Critical key findings released from ongoing inspection into Home Office use of contingency asylum accommodation
Independent Chief Inspector of Borders and Immigration finds ‘fundamental failures of leadership and planning’ in use of former army barracks as asylum accommodation
08 March 2021
The Independent Chief Inspector of Borders and Immigration (ICIBI) has today published preliminary key findings from an inspection by ICIBI and Her Majesty’s Inspectorate of Prisons (HMIP) into the use of former army barracks Penally Camp and Napier Barracks as contingency asylum accommodation.
You can read the key findings online here.
The Independent Chief Inspector will later publish a full inspection report, which will also cover hotels and any other forms of contingency asylum accommodation. A detailed written report by HMIP on Penally Camp and Napier Barracks will be appended to the inspection report.
In today's short preliminary report, HMIP and the ICIBI found that the environment at both sites, especially Napier Barracks in Kent, was impoverished, run-down and unsuitable for long-term accommodation. Some areas were described as "filthy".
Accommodation contractors were given less than two weeks notice by the Home Office to make each site operational, which, the ICIBI says, presented substantial logistical and other challenges, particularly during the Covid-19 pandemic.
The report adds: "The resources, skills and assurance systems required to support long-term communal accommodation were inadequate at both sites: On-site management structures were unclear, partly because of the multiple sub-contractors and partly because of inadequate oversight by the contracting companies. Managers at both sites lacked the experience and skills to run large-scale communal accommodation. The Home Office did not exercise adequate oversight at either site and Home Office staff were rarely present."
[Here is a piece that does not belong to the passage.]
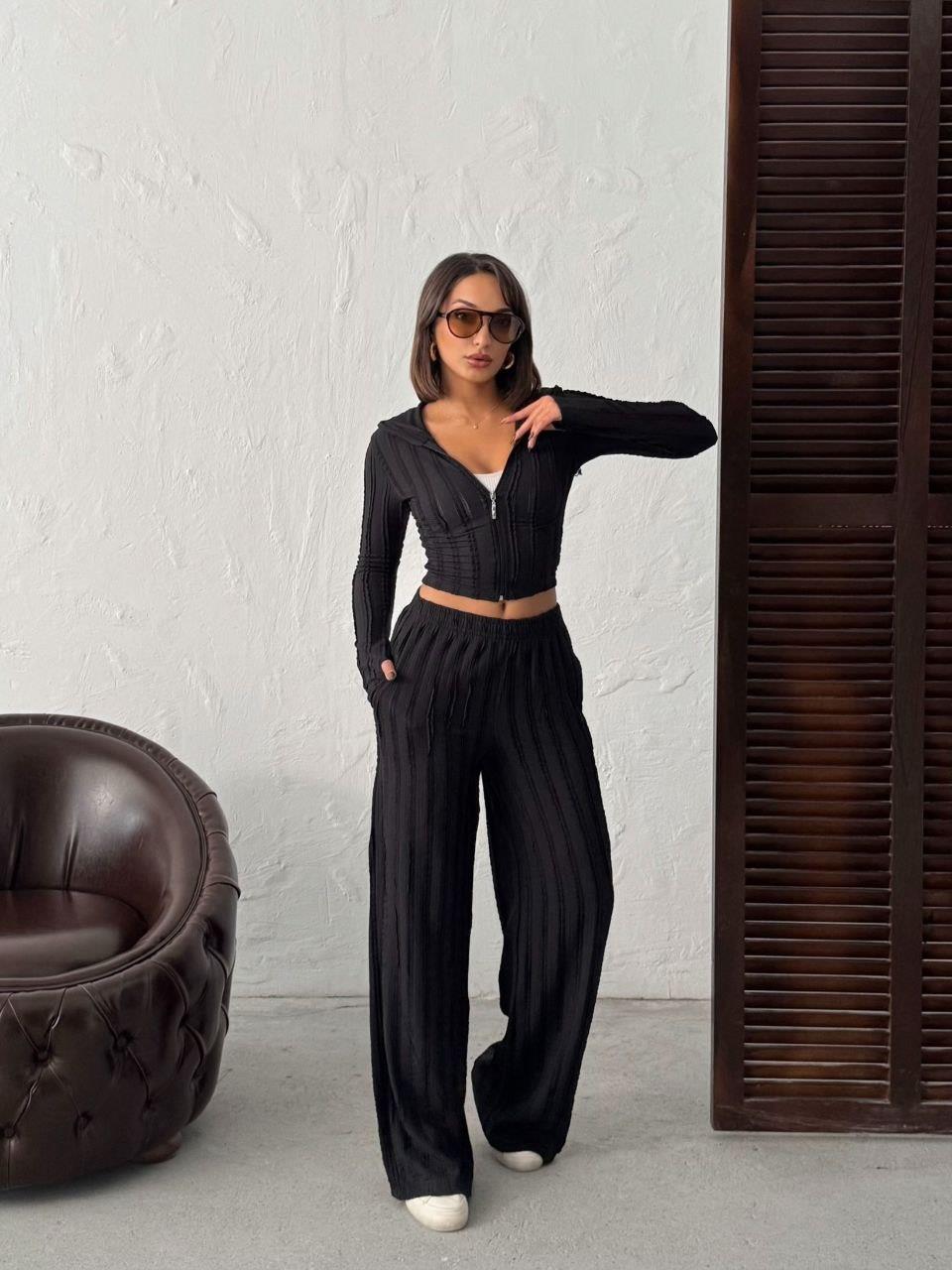 Dikey dokulu, esnek örme kumaştan iki parçalı takım. Parmak geçme detaylı fermuarlı kapüşonlu crop üst ve yüksek bel geniş paça pantolondan oluşur. Günlük ve şehir stiline uygun konforlu kalıp.

The Independent Chief Inspector and HMIP found there were "fundamental failures of leadership and planning by the Home Office."
Concerns were also raised by the ICIBI and HMIP over the impact of the accommodation on the mental health of asylum seekers.
Inspectors from the ICIBI and HMIP said: "We met many men who described feeling depressed and hopeless at their circumstances. In our resident survey, all of those who responded at Napier and the vast majority at Penally said they had felt depressed at some points. At both sites about a third of respondents said they had mental health problems; about a third of respondents at Napier said they had felt suicidal."
At Napier Barracks, there was inadequate support for people who had self-harmed.
In response to the ICIBI's findings, a spokesperson for the Home Office was quoted by BBC News as saying: "During these unprecedented times we have met our statutory duty to provide asylum seekers, who would otherwise be destitute, with suitable accommodation and three meals a day all paid for by the British taxpayer. We expect the highest possible standards from our service providers and have instructed them to make improvements at the site."
The Refugee Council said on Twitter: "It's difficult to think of a more damning indictment of Home Office's treatment of people seeking asylum than the findings of the ICIBI on the former MoD barracks."
The ICIBI's inspection into contingency asylum accommodation remains ongoing.
Meanwhile, the ICIBI last week published an inspection report on the work of Border Force, Immigration Enforcement, and UK Visas and Immigration to identify, investigate, disrupt and prosecute perpetrators of modern slavery and human trafficking.
You can read the 93-page report here.
The ICIBI said: "The inspection found that while operational activity overall has increased since the Modern Slavery Strategy was launched in 2014, the work of the three Borders, Immigration and Citizenship System (BICS) operational directorates, and that of the wider Home Office, remains siloed and disjointed, with little evidence of a plan to address this.
"BICS has had some success in focusing frontline staff on the identification and safeguarding of victims through the National Referral Mechanism (NRM), which is reflected in increased numbers of NRM referrals. It should continue to build on this, particularly at the border, where the numbers are still low. However, it is not doing enough to combat the criminals who perpetrate, enable and exploit MSHT, and opportunities to do so are being missed."